Order selection algorithms train several network architectures with a different number of neurons and select that with the smallest selection error.

The incremental order method starts with a small number of neurons and increases the complexity at each iteration. The following chart shows the training error (blue) and the selection error (orange) as a function of the number of neurons.

The final selection error achieved is 0.902 for an optimal number of neurons of 2.

The graph above represents the architecture of the final neural network.

6. Testing analysis

The next step is to evaluate the performance of the trained neural network. The standard way to do this is to compare the outputs of the neural network against data never seen before, the training instances.

A standard testing method is to plot a ROC curve, a graphical illustration of how well the classifier discriminates between the two different classes. The output is shown in the next figure.

A random classifier has an area under a curve of 0.5, while a perfect classifier has an area under the curve of 1. In practice, this measure should take a value between 0.5 and 1. The closer to 1, the better the classifier. In this example, this parameter is AUC = 0.804, which means a great performance.

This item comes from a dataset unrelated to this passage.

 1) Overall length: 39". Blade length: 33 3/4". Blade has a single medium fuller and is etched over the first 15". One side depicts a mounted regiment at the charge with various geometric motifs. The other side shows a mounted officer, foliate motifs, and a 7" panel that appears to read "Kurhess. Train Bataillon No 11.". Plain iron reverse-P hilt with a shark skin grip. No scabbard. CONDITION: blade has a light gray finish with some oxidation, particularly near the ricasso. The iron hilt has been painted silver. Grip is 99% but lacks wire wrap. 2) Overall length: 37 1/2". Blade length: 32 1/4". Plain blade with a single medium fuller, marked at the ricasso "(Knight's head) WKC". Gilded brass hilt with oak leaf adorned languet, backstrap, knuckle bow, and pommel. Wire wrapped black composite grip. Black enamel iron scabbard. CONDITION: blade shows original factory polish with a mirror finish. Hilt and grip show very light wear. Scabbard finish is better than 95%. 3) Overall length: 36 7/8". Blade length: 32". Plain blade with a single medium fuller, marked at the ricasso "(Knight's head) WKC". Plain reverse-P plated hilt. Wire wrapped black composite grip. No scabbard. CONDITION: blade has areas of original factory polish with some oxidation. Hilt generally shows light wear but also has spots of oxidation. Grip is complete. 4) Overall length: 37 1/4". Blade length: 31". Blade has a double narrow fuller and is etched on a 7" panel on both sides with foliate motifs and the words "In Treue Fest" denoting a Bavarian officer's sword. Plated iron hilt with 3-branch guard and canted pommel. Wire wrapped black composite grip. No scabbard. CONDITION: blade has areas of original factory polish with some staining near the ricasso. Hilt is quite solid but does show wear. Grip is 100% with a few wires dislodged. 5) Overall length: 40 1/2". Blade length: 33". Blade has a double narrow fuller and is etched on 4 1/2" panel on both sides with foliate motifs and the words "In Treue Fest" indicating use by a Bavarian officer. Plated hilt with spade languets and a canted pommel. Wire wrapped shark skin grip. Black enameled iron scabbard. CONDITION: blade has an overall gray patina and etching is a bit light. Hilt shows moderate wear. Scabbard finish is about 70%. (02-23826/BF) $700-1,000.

The binary classification tests provide us with useful information about the performance of a binary classification model:

The parameter classification accuracy takes a value of 0.861, which means that the prediction is good for most cases.

The confusion matrix contains the true positives, false positives, false negatives and true negatives for the diagnose:

Predicted positive Predicted negative
Real positive 32 6
Real negative 4 30

The number of correctly classified instances is 62, and the number of misclassified instances is 10.

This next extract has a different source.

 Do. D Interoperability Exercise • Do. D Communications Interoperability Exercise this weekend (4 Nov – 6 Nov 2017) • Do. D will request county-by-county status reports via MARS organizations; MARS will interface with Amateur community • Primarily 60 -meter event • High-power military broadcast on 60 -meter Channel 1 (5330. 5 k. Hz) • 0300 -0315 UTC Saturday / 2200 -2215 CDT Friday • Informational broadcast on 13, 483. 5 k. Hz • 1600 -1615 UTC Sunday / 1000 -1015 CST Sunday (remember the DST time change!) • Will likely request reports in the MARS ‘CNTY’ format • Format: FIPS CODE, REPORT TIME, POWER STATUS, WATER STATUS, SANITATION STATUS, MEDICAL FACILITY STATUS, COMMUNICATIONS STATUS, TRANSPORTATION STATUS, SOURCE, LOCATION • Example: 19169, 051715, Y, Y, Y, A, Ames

The cumulative gain analysis is a visual aid that shows the advantage of using a predictive model as opposed to randomness. It consists of three lines.

The baseline represents the results that would be obtained without using a model.

The positive cumulative gain shows in the y-axis the percentage of positive instances found against the percentage of the population represented in the x-axis.

Similarly, the negative cumulative gain shows the percentage of the negative instances found against the population percentage.

7. Model deployment

Once the generalization performance of the neural network has been tested, it can be saved for future use in the so-called model deployment mode.

We can predict whether a person is going to donate blood by calculating the neural network outputs. For that, we need to set the input variables.

The mathematical expression represented by the neural network is written below. It takes the inputs recency, frequency, monetary, and time to produce the output prediction about donation. For classification problems, the information is propagated in a feed-forward fashion through the scaling, perceptron, and probabilistic layers.

scaled_recency = (recency-9.50668)/8.0954;
scaled_frequency = (frequency-5.51471)/5.83931;
scaled_time = (time-34.2821)/24.3767;
y_1_1 = Logistic (-3.2852+ (scaled_recency*-3.22375)+ (scaled_frequency*3.67502)+ (scaled_time*-2.45661));
y_1_2 = Logistic (-4.08721+ (scaled_recency*-2.96105)+ (scaled_frequency*2.76006)+ (scaled_time*-3.40265));
non_probabilistic_donation = Logistic (-1.089+ (y_1_1*5.14874)+ (y_1_2*-2.1466));
donation = probability(non_probabilistic_donation);

   return 1/(1+exp(-x))

   if x < 0
       return 0
   else if x > 1
       return 1
       return x

The above expression can be exported anywhere.